2004 Volta a la Comunitat Valenciana

Race details
- Dates: 24–28 February 2004
- Stages: 5
- Distance: 818.4 km (508.5 mi)
- Winning time: 20h 04' 45"

Results
- Winner / Alejandro Valverde (ESP) / (Comunidad Valenciana–Kelme)
- Second / Antonio Colom (ESP) / (Illes Balears–Banesto)
- Third / David Blanco (ESP) / (Comunidad Valenciana–Kelme)

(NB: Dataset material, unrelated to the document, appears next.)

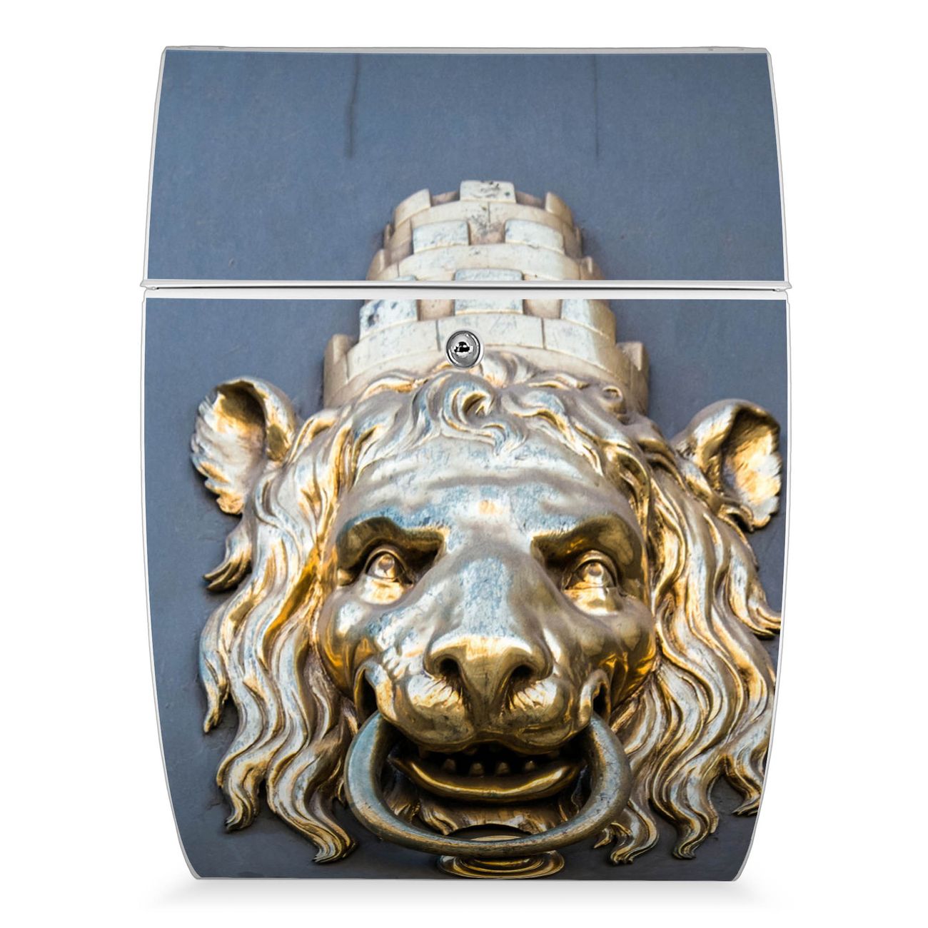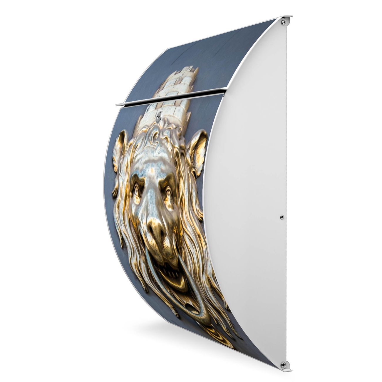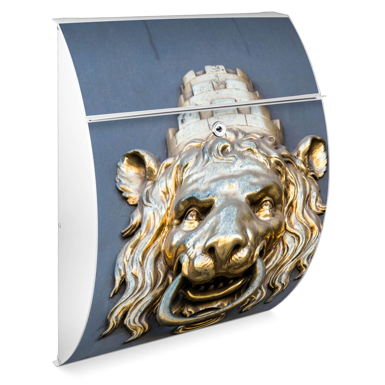 Der weiße Burg Wächter Design Briefkasten mit Motiv Türklopfer Löwe bietet Ihnen mit seinem Fassungsvermögen genügend Platz auch für große A4 Sendungen. Auf Wunsch können Sie bei uns auch den passenden Ständer kaufen und so aus dem Wandbriefkasten einen Standbriefkasten machen.

= 2004 Volta a la Comunitat Valenciana =

The 2004 Volta a la Comunitat Valenciana was the 62nd edition of the Volta a la Comunitat Valenciana road cycling stage race, which was held from 24 to 28 February 2004. The race started in Xàbia and finished in Valencia. The race was won by Alejandro Valverde of the team.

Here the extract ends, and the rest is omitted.